During recording we avoid trapping from tracees to the rr process for common syscalls (read, clock_gettime and the like) with an optimization we call "syscall buffering". The basic idea is that the tracee performs the syscall "untraced", we use a seccomp-bpf predicate to detect that the syscall should not cause a ptrace trap, and when the syscall completes the tracee copies its results to a log buffer. During replay we do not use seccomp-bpf; we were using PTRACE_SYSEMU to generate a ptrace trap for every syscall and then emulating the results of all syscalls from the rr process. The obvious major performance improvement is to avoid generating ptrace traps for buffered syscalls during replay, just as we do during recording.

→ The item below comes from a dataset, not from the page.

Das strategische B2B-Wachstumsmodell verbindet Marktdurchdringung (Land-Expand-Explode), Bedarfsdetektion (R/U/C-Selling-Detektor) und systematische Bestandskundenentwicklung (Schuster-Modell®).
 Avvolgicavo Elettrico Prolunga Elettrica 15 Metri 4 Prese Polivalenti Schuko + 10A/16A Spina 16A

This was tricky to do while preserving our desired invariants that control flow is identical between recording and replay, and data values (in application memory and registers) are identical at all times. For example consider the recvmsg system call, which takes an in/out msg parameter. During recording syscall wrappers in the tracee would copy msg to the syscall log buffer, perform the system call, then copy the data from the log buffer back to msg. Hitherto, during replay we would trap on the system call and copy the saved buffer contents for that system call to the tracee buffer, whereupon the tracee syscall wrappers would copy the data out to msg. To avoid trapping to rr for a sequence of such syscalls we need to copy the entire syscall log buffer to the tracee before replaying them, but then the syscall wrapper for recvmsg would overwrite the saved output when it copies msg to the buffer! I solved this, and some other related problems, by introducing a few functions that behave differently during recording and replay while preserving control flow and making sure that register values only diverge temporarily and only in a few registers. For this recvmsg case I introduced a function memcpy_input_parameter which behaves like memcpy during recording but is a noop during replay: it reads a global is_replay flag and then does a conditional move to set the source address to the destination address during replay.

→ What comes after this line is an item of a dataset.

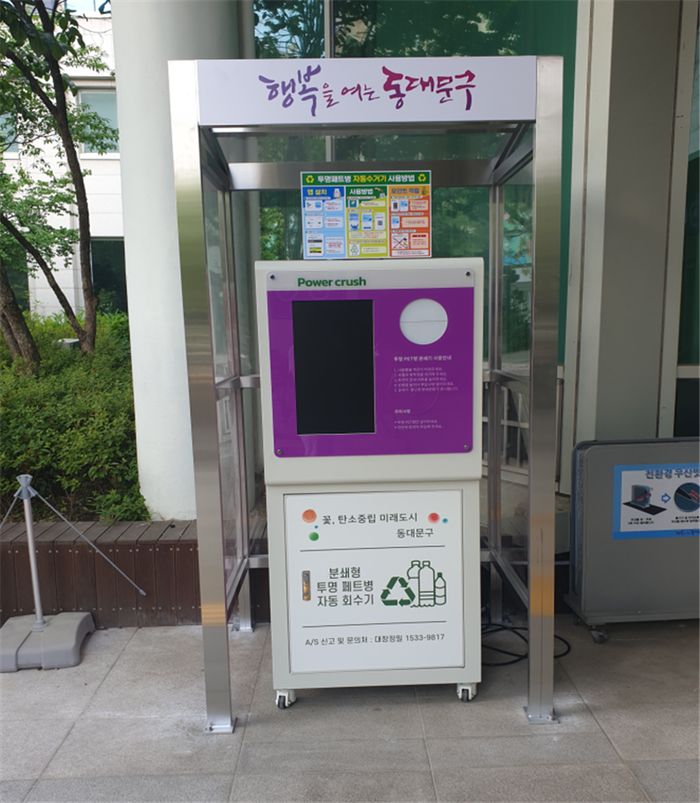 구청사, 동대문종합사회복지관, 이문체육문화센터, 동대문구민체육센터 각 1대씩 총 4곳에 설치된 ‘투명페트병 무인회수기’에 투입된 페트병은 얇은 플라스틱 조각으로 분쇄돼 가방, 의류를 만들 수 있는 고품질의 원료로 재탄생한다.

Another interesting problem is recapturing control of the tracee after it has run a set of buffered syscalls. We need to trigger some kind of ptrace trap after reaching a certain point in the syscall log buffer, without altering the control flow of the tracee. I handled this by generating a large array of stub functions (each only one byte, a RET instruction) and after processing the log buffer entry ending at offset O, we call stub function number O/8 (each log record is at least 8 bytes long). rr identifies the last log entry after which it wants to stop the tracee, and sets a breakpoint at the appropriate stub function.

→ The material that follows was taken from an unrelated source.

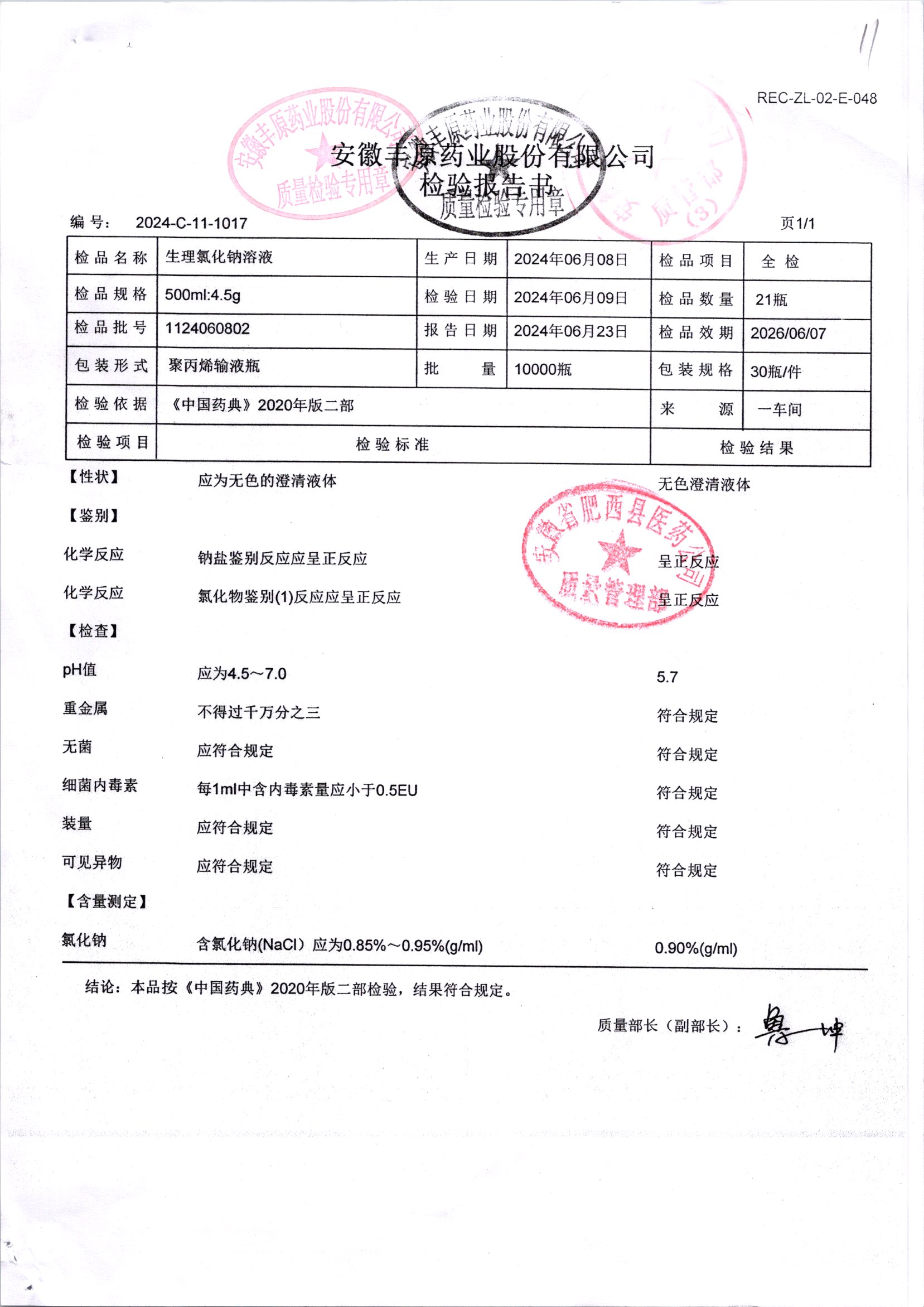 生理氯化钠溶液 | 500ml:4.5g | 1124040508 | 查看详情 |

It took a few late nights and a couple of half-days of debugging but it works now and I landed it on master. (Though I expect there may be a few latent bugs to shake out.) The results are good:
This shows much improved replay overhead for Mochitest and Reftest, though not much improvement on Octane. Mochitest and Reftest are quite system-call intensive so our optimization gives big wins there. Mochitests spend a significant amount of time in the HTTP server, which is not recorded by rr, and therefore zero-overhead replay could actually run significantly faster than normal execution, so it's not surprising we're already getting close to parity there. Octane replay is dominated by SCHED context-switch events, each one of which we replay using relatively expensive trickery to context-switch at exactly the right moment.
For rr cognoscenti: as part of eliminating traps for replay of buffered syscalls, I also eliminated the traps for the ioctls that arm/disarm the deschedule-notification events. That was relatively easy (just replace those syscalls with noops during replay) and actually simplified code since we don't have to write those events to the trace and can wholly ignore them during replay.
There's definitely more that can be squeezed out of replay, and probably recording as well. E.g. currently we record a SCHED event every time we try to context-switch, even if we end up rescheduling the thread that was already running (which is common). We don't need to do that, and eliminating those events would reduce syscallbuf flushing and also the number of ptrace traps taken during replay. This should hugely benefit Octane. I'm trying to focus on easy rr improvements with big wins that are likely to pay off for Mozilla developers in the short term; it's difficult to know whether any given improvement is in that category, but I think SCHED elision during recording probably is. (We used to elide recorded SCHED events during replay, but that added significant complexity to reverse execution so I took it out.)